*Work request*
Without any pictures, copy the records below once more, exactly as they are.

------ Data listing ------

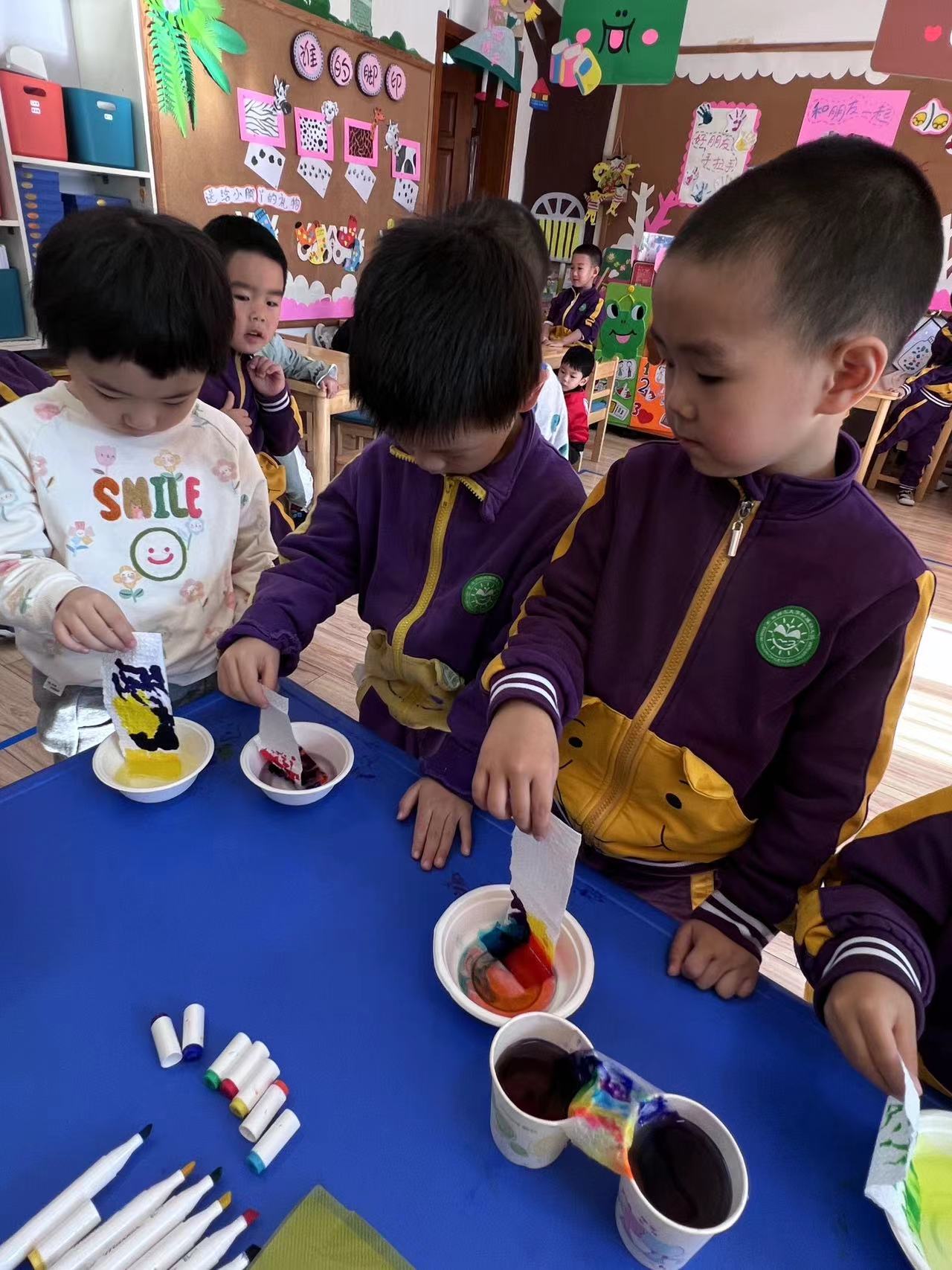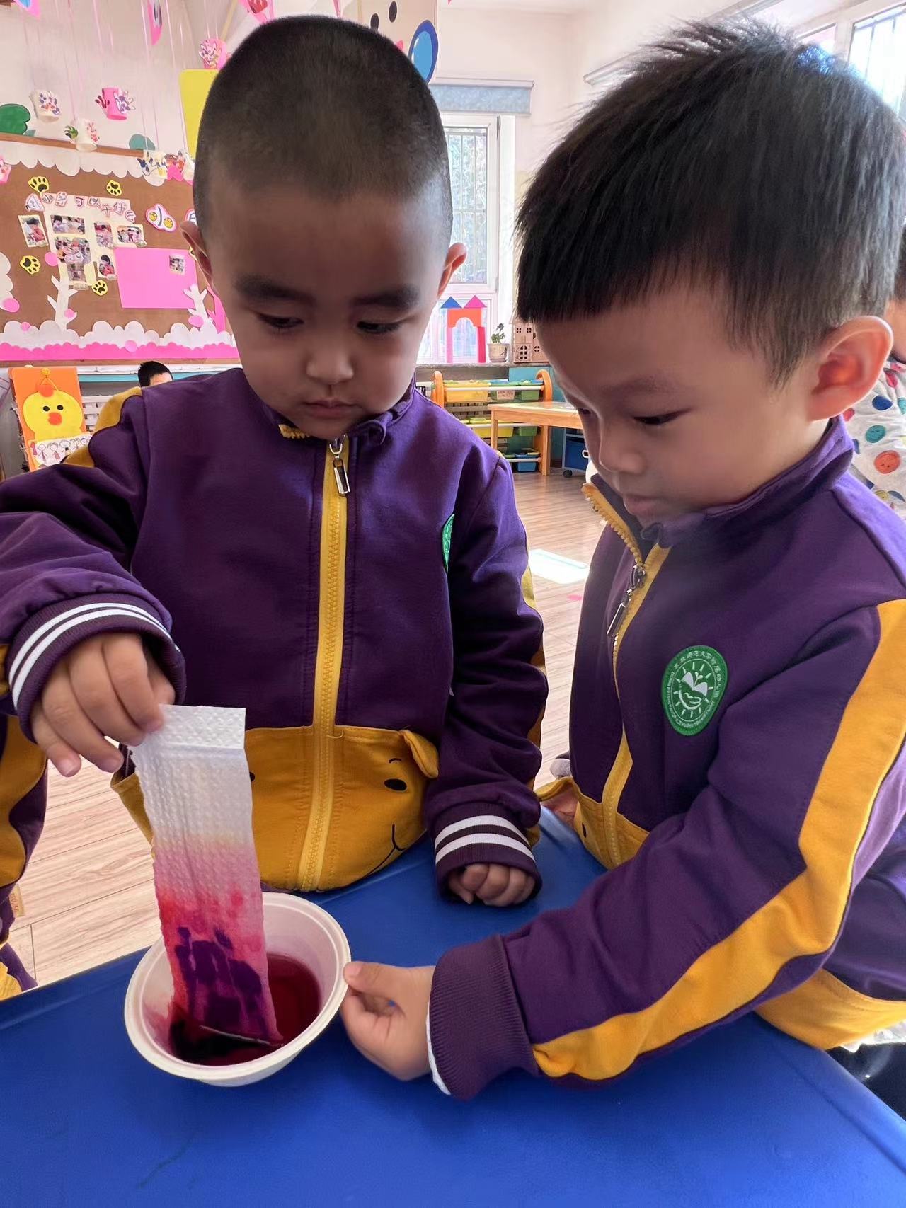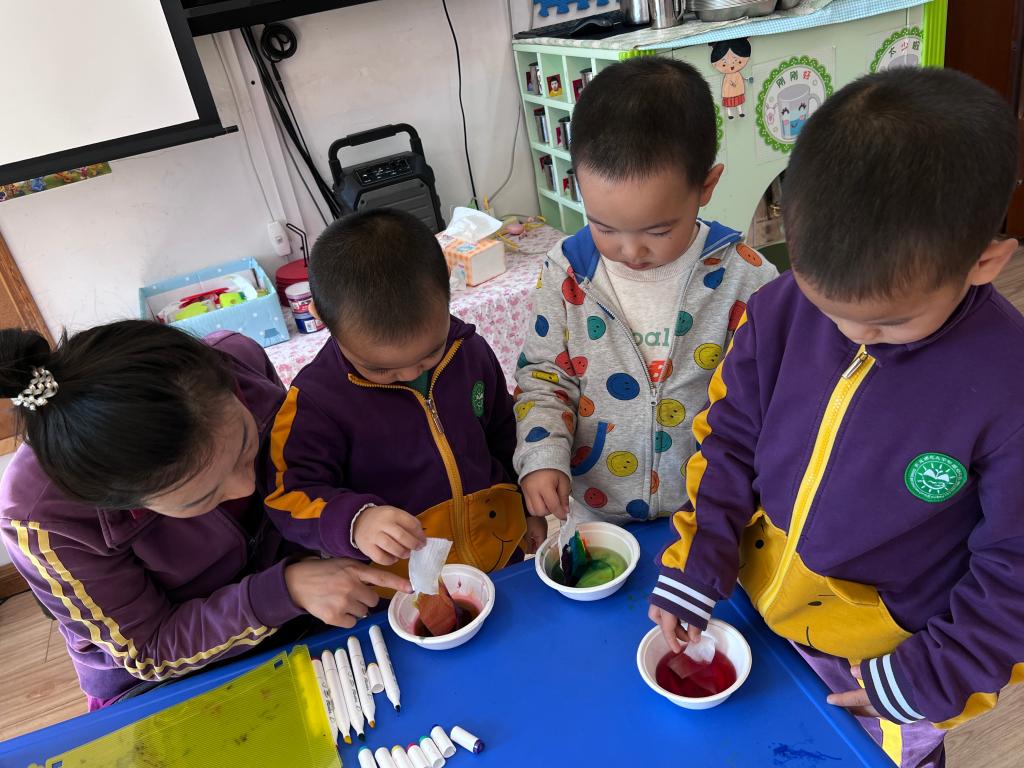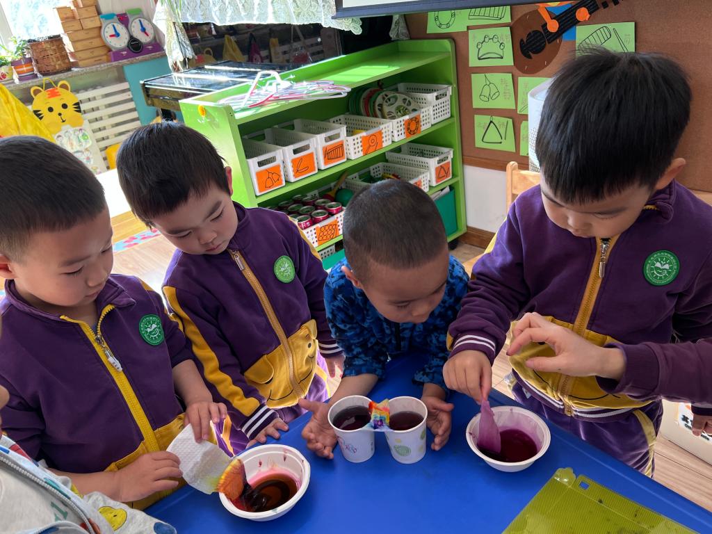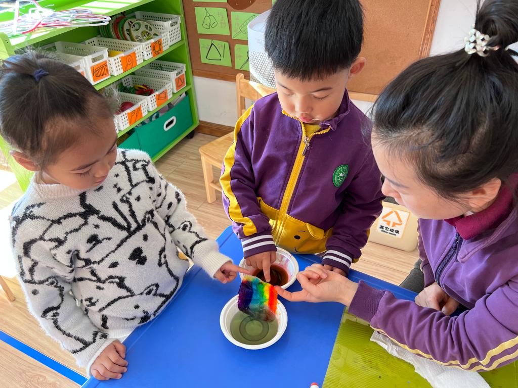 让我们一起来探索吧!我们需要水彩笔、水、纸杯、纸巾等材料,然后将纸杯装满水,将颜色放在水中,把纸巾两端分别放在水里,静静等待颜色沿着纸巾慢慢爬上来。神奇的现象出现了,“彩虹桥”来喽!
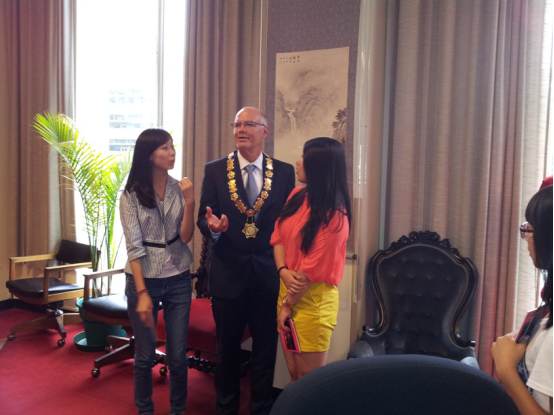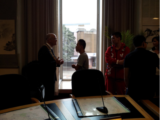 让他同学们感到很兴奋的是,现任市长福廷先生在和同学们交流中,尽然能用一些中文。原来福廷市长有很深的中国情结,他自己有一个小孩,还收养了两个来自中国的孤儿,一位来自安徽合肥,还有一位来自台湾,看得出他对中华文化很感兴趣。
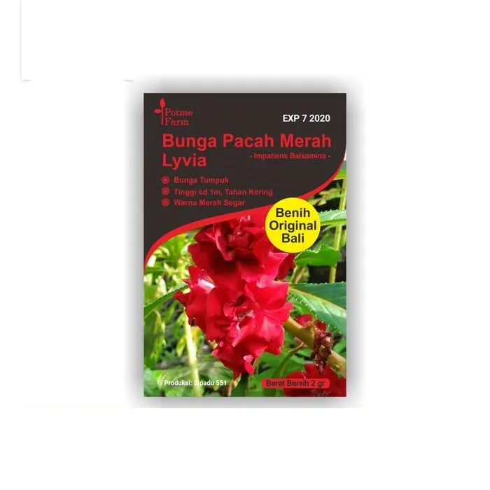 Potme Farm Benih Bunga Pacah Merah Lyvia Benih bunga merek Potme Farm adalah benih yang dikembangkan di Bali. Sangat tahan terhadap panas dan berbunga...
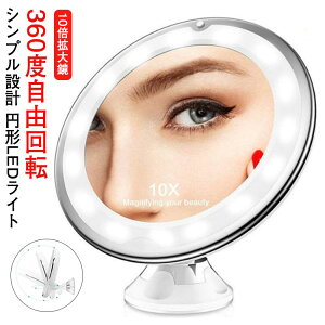 折りたたみができるので使わないときはコンパクトに収納 ●LEDライト付きで暗いところでもメイクが可能 ●10倍拡大鏡付き ●メイクの細かい部分までチェックできる ●コンパクト&軽いので持ち運びにも便利 ●角度調整も
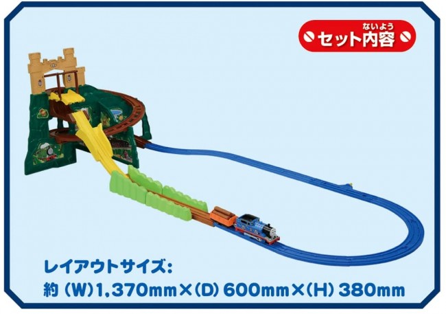 スリル満点!!全高約230mmの山からジェットコースターみたいにプラレールトーマスがビューン!!と急降下!! 1.トンネルをくぐって山のお城へ出発進行! 2.山のまわりをがたがた登っていくよ! 3.大変!線路の先がないぞ! 4.お城のゲートが動いて線路がつながった! 5.すごいスピードで山をかけおりるよ! トーマス車両・マウンテン・レールが全部入ったオールインワンセット 別売りのプラレールトーマスシリーズ車両も一緒に走らせよう! 【セット内容】マウンテンパネル(1~4)(4),坂レール(A~F)(6),スロープレール(上)(下)(2),ブレーキレール(1),橋レール(1),橋ゲート(1),橋ロッド(2),ウルフステッド城パネル(1),直線レール(2),1/2直線レール(1),曲線レール(6),ストップレール(1),きかんしゃトーマス(動力車)(1),丸太運搬貨車(1),丸太(3),シール(1),部品注文書(1) (c) TOMY (c)2022 Gullane (Thomas) Limited. (c)2022 HIT Entertainment Limited. 単3形乾電池1本使用(電池は別売です。)
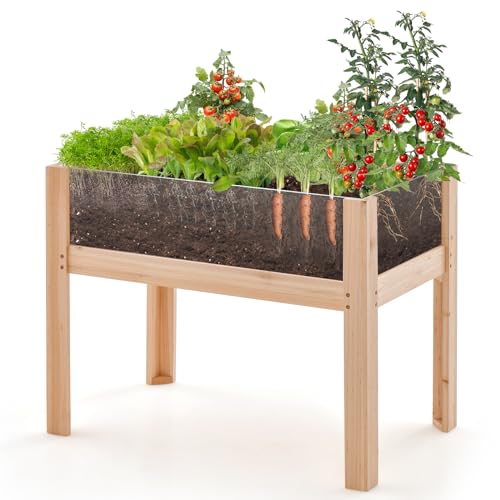 GOPLUS Potager sur Pieds, Carré, 50L, Drain, Plantes Mobiles
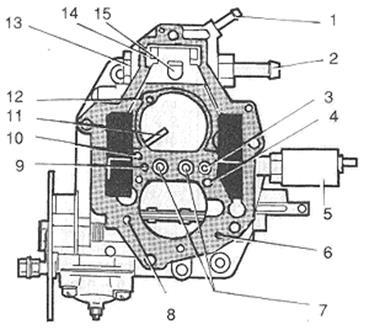 1 - гвинт регулювання складу суміші на неодруженому ходу; 2 - щілинний перехідний отвір; 3 - отвір забору повітря, що емульсує, в систему неодруженого ходу: 4 - головний паливний жиклер первинної камери; 5 - емульсивний колодязь головної дозуючої системи первинної камери; 6 - перехідний отвір вторинної камери; 7 - паливний жиклер перехідної системи вторинної камери; 8 - повітряний жиклер перехідної системи; 9 - проти-дренажний отвір; 10 - повітряний жиклер системи неодруженого ходу; 11 - отвір паливного жиклера неодруженого ходу; 12 - паливний жиклер системи неодруженого ходу; 13 - голка клапана з пластмасовим наконечником; 14 - електромагнітний клапан; 15 - емульсивний канал.
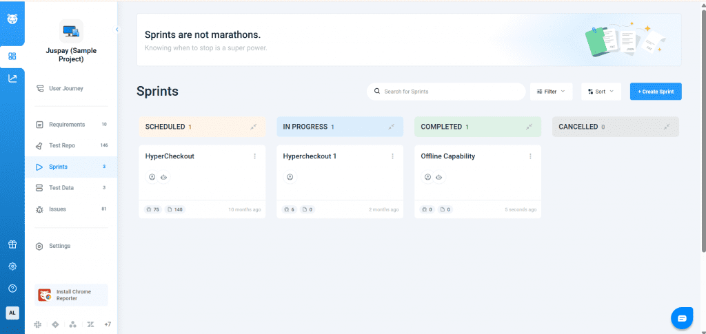 • Faster Updates: Drag and drop sprints to update their status.
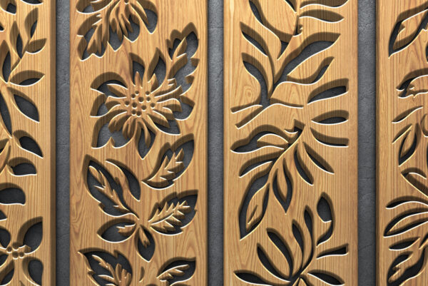 Intra απο ξύλο plywood Χρώμα wenge 3mm-4mm πάχος – Δέσμη πάνελ λουλουδιών με λέιζερ Δίασταση 3200×7200 cm INTRAFABR-97570152
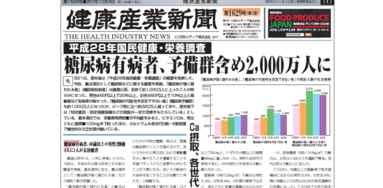 【健康産業新聞】2017年10月4日号(1629号)が発行されました
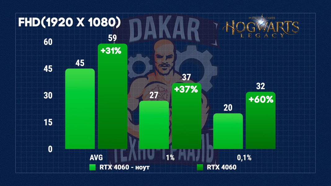 Ну и ключевым звеном сборки остаётся видеокарта. GeForce RTX 4060 прекрасно подходит для запуска игр в разрешении 1080р, а также обладает целым набором полезных технологий. Вообще, все актуальные видеокарты способны увеличить конечное количество кадров в секунду за счёт технологии масштабирования, но результат может вас немного огорчить, поскольку без компромисса в визуальном стиле обычно не обходится. Качество картинки после активации DLSS 3.0 ощутимо снижается, а включение трассировки лучей сбрасывает фармерйт до 35-45 fps. Без использования этих технологий чаще всего можно рассчитывать на стабильные 50-60 кадров в секунду. Важно понимать, что в ноутбуке GeForce RTX 4060 ограничена теплопакетом 85 Вт, тогда как настольная версия на несколько десятков Вт мощнее. Пожалуй, именно в этом и заключается зафиксированная разница до 10%. По мнению экспертов, существуют игры, которые больше других зависят от процессора. Можно сделать вывод, что Hogwarts Legacy принадлежит к числу последних, ну а с Ryzen 5 5600 наша сборка покажет всё те же 10% разницы между настольным и мобильным вариантами.

------

*Solution to this task*
 让我们一起来探索吧!我们需要水彩笔、水、纸杯、纸巾等材料,然后将纸杯装满水,将颜色放在水中,把纸巾两端分别放在水里,静静等待颜色沿着纸巾慢慢爬上来。神奇的现象出现了,“彩虹桥”来喽!
 让他同学们感到很兴奋的是,现任市长福廷先生在和同学们交流中,尽然能用一些中文。原来福廷市长有很深的中国情结,他自己有一个小孩,还收养了两个来自中国的孤儿,一位来自安徽合肥,还有一位来自台湾,看得出他对中华文化很感兴趣。
 Potme Farm Benih Bunga Pacah Merah Lyvia Benih bunga merek Potme Farm adalah benih yang dikembangkan di Bali. Sangat tahan terhadap panas dan berbunga...
 折りたたみができるので使わないときはコンパクトに収納 ●LEDライト付きで暗いところでもメイクが可能 ●10倍拡大鏡付き ●メイクの細かい部分までチェックできる ●コンパクト&軽いので持ち運びにも便利 ●角度調整も
 スリル満点!!全高約230mmの山からジェットコースターみたいにプラレールトーマスがビューン!!と急降下!! 1.トンネルをくぐって山のお城へ出発進行! 2.山のまわりをがたがた登っていくよ! 3.大変!線路の先がないぞ! 4.お城のゲートが動いて線路がつながった! 5.すごいスピードで山をかけおりるよ! トーマス車両・マウンテン・レールが全部入ったオールインワンセット 別売りのプラレールトーマスシリーズ車両も一緒に走らせよう! 【セット内容】マウンテンパネル(1~4)(4),坂レール(A~F)(6),スロープレール(上)(下)(2),ブレーキレール(1),橋レール(1),橋ゲート(1),橋ロッド(2),ウルフステッド城パネル(1),直線レール(2),1/2直線レール(1),曲線レール(6),ストップレール(1),きかんしゃトーマス(動力車)(1),丸太運搬貨車(1),丸太(3),シール(1),部品注文書(1) (c) TOMY (c)2022 Gullane (Thomas) Limited. (c)2022 HIT Entertainment Limited. 単3形乾電池1本使用(電池は別売です。)
 GOPLUS Potager sur Pieds, Carré, 50L, Drain, Plantes Mobiles
 1 - гвинт регулювання складу суміші на неодруженому ходу; 2 - щілинний перехідний отвір; 3 - отвір забору повітря, що емульсує, в систему неодруженого ходу: 4 - головний паливний жиклер первинної камери; 5 - емульсивний колодязь головної дозуючої системи первинної камери; 6 - перехідний отвір вторинної камери; 7 - паливний жиклер перехідної системи вторинної камери; 8 - повітряний жиклер перехідної системи; 9 - проти-дренажний отвір; 10 - повітряний жиклер системи неодруженого ходу; 11 - отвір паливного жиклера неодруженого ходу; 12 - паливний жиклер системи неодруженого ходу; 13 - голка клапана з пластмасовим наконечником; 14 - електромагнітний клапан; 15 - емульсивний канал.
 • Faster Updates: Drag and drop sprints to update their status.
 Intra απο ξύλο plywood Χρώμα wenge 3mm-4mm πάχος – Δέσμη πάνελ λουλουδιών με λέιζερ Δίασταση 3200×7200 cm INTRAFABR-97570152
 【健康産業新聞】2017年10月4日号(1629号)が発行されました
 Ну и ключевым звеном сборки остаётся видеокарта. GeForce RTX 4060 прекрасно подходит для запуска игр в разрешении 1080р, а также обладает целым набором полезных технологий. Вообще, все актуальные видеокарты способны увеличить конечное количество кадров в секунду за счёт технологии масштабирования, но результат может вас немного огорчить, поскольку без компромисса в визуальном стиле обычно не обходится. Качество картинки после активации DLSS 3.0 ощутимо снижается, а включение трассировки лучей сбрасывает фармерйт до 35-45 fps. Без использования этих технологий чаще всего можно рассчитывать на стабильные 50-60 кадров в секунду. Важно понимать, что в ноутбуке GeForce RTX 4060 ограничена теплопакетом 85 Вт, тогда как настольная версия на несколько десятков Вт мощнее. Пожалуй, именно в этом и заключается зафиксированная разница до 10%. По мнению экспертов, существуют игры, которые больше других зависят от процессора. Можно сделать вывод, что Hogwarts Legacy принадлежит к числу последних, ну а с Ryzen 5 5600 наша сборка покажет всё те же 10% разницы между настольным и мобильным вариантами.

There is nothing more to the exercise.